My Excess Goals metric is part of my methodology for separating an offense or defense's efficiency into it's component parts: creating/preventing shots AND shooting vs goalie skills. This offensive expected shooting percentage metric is calculated by the Excess Goals model. The formula is simple: add up the probability that all shots taken would go in with an average shooter and then divide by the total number of shots taken. Higher values mean that the offense is good at generating strong scoring chances. Positive values mean that the offense has strong shooters who make more shots than you'd expect an average shooting team to make given the profile of their chances.
LaxElo is my primary metric for comparing to teams. It is based on a ranking system developed for chess by Arpad Elo. In Elo systems ranking points are transferred from the loser to the winner. The number of points transferred is based on the outcome of the game, the likelihood of that outcome, the location of the game, and the "speed" at which the system updates its evaluation of a team. I wrote a full article about the implementation and how I tailored it to college lacrosse if you want to learn more.
Calculated by measuring how many seconds elapse, on average, between when a team gains possession and when they take their first shot of a possession. The calculation only includes possessions where at least one shot was taken.
Faceoff win rate is calculated by dividing faceoffs won by total faceoffs. A faceoff that is credited as a win but then turned over in the subsequent sequence still counts toward your faceoff win rate.
This is the number of free position attempts awarded or assessed as a percentage of the total number of possessions the team had or faced. The idea is to get a sense for how good a team is at drawing penalties or how often they have penalties drawn against them.
When looking at a statistic ranking individual players, it's important to consider minimum participation thresholds. Many of my stats make no sense when you are talking about very low-usage players. An stat, for example, that adjusts a cumulative stat to account for playing time can be really distorted by low-usage players. As a result, several of the individual player stats come with a minimum threshold to qualify for the ranking. This is also in effect when calculating the range of each stat.
For a team, this is number of turnovers committed by the offense divided by the number of possessions they had. Possession counts do not include failed clears. For an individual player, this is akin to turnovers / touch, where touches is estimated via the play shares metric.
To qualify, players must have met a minimum threshold with respect to play shares.
EGA stands for "expected goals added". The methodology is defined in full detail in this post. But I will give the quick overview here as well. EGA is designed to be a catch-all metric for any field player as a way to compare apples-to-apples. It's like WAR in baseball or PER in basketball. EGA is derived by adding up the expected-value of every instance where a player appears in the play-by-play logs.
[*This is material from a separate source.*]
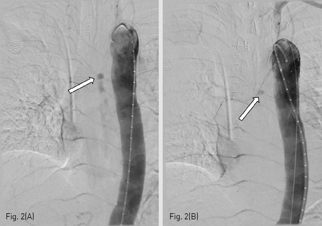 흉부외과와의 협진 하에 우측 총대퇴동맥을 절개하고, 좌측 총대퇴동맥은 초음파 유도하에 피부경유 천자법으로 접근하였다. 5-Fr sizing catheter를 왼쪽 총대퇴동맥을 통해 대동맥활에 위치시켰으며, 이를 통해 얻은 혈관조영영상에서 내림 흉부대동맥에서 기시하는 대동맥식도루를 통해 조영증강되는 식도 중부의 가성동맥류 및 식도 내부의 조영제 유출이 확인되었다(Fig. 2A). 흉부 컴퓨터단층촬영과 종합해 볼 때, 대동맥식도루는 왼쪽 빗장밑동맥(Left subclavian artery)으로부터 충분한 거리가 있었으며, 복강동맥으로부터도 충분한 거리가 있음을 확인할 수 있었다. 우측 총대퇴동맥을 통해 0.035”Guide wire (Radiofocus; Terumo, Tokyo, Japan)와 head-hunter type의 카테터(H1; Cook medical, Bloomington, IN, USA)를 오름 흉부대동맥에 위치시키고, extra-stiff guide wire (Lunderquist; Cook medical)으로 wire를 교체하였다. 이를 통해 24mmx6cm SEAL 흉부 스텐트 그라프트 (S&G Biotech, Sungnam-si, South Korea)을 진입시켰다. 이후 투시 하에 스텐트 그라프트를 왼쪽 빗장밑 동맥 원위부의 내림 흉부대동맥 내에서 설치하였다.

The value of a particular play is based on how frequently that type of play precedes the team scoring a goal (positive expected value) or allowing a goal (negative expected value). So picking up a ground ball has positive expected value. Committing a turnover has a negative expected value.
'Invented' by Kyle Devitte, this is an aggregate metric that is calculated by subtracting turnovers from total points. It is similar to the LacrosseReference EGA rating in that it attempts to calculate a single rating that encompasses a player's positive and negative contributions.
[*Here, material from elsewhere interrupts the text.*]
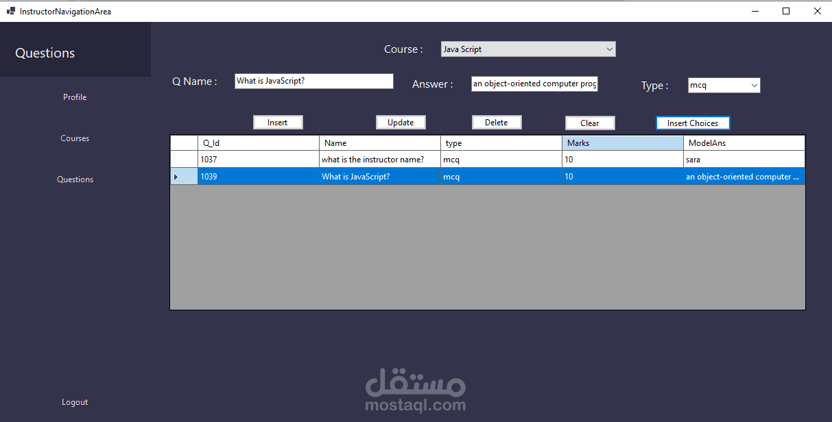 - أدوار المدرسين: المدرسون لديهم وظائف إضافية بما في ذلك إدخال الأسئلة والأجوبة الصحيحة، وعرض دوراتهم.

This metric should be interpreted as akin to assists per touch. It is calculated by getting each player's assists/game value and then adjusting up or down depending on their play share.
To qualify, players must have met a minimum threshold with respect to play shares.
One of the earliest stats I created was a concept called "play shares," which attempted to quantify each player's role within their team/unit. It ended up being a similar concept to something like a usage-rate in basketball. Importantly, it gives a proxy for how many touches a player gets, and that allows me to "adjust" a player's expected-goals (EGA) ratings to account for how much they have the ball. Put another way, usage-adjusted EGA measures a player's efficiency with the ball and tries to strip out the fact that some players just have more chances than others.
To qualify, players must have met a minimum threshold with respect to play shares.
EGA stands for "expected goals added". The methodology is defined in full detail in this post. But I will give the quick overview here as well. EGA is designed to be a catch-all metric for any field player as a way to compare apples-to-apples. It's like WAR in baseball or PER in basketball. EGA is derived by adding up the expected-value of every instance where a player appears in the play-by-play logs. The Draw-Specific variant of EGA filters out all non-draw plays and gives each player a number associated with their EGA contributions to winning draws. The value of a particular play is based on how frequently that type of play precedes the team scoring a goal (positive expected value) or allowing a goal (negative expected value). So picking up a ground ball has positive expected value. Committing a turnover has a negative expected value.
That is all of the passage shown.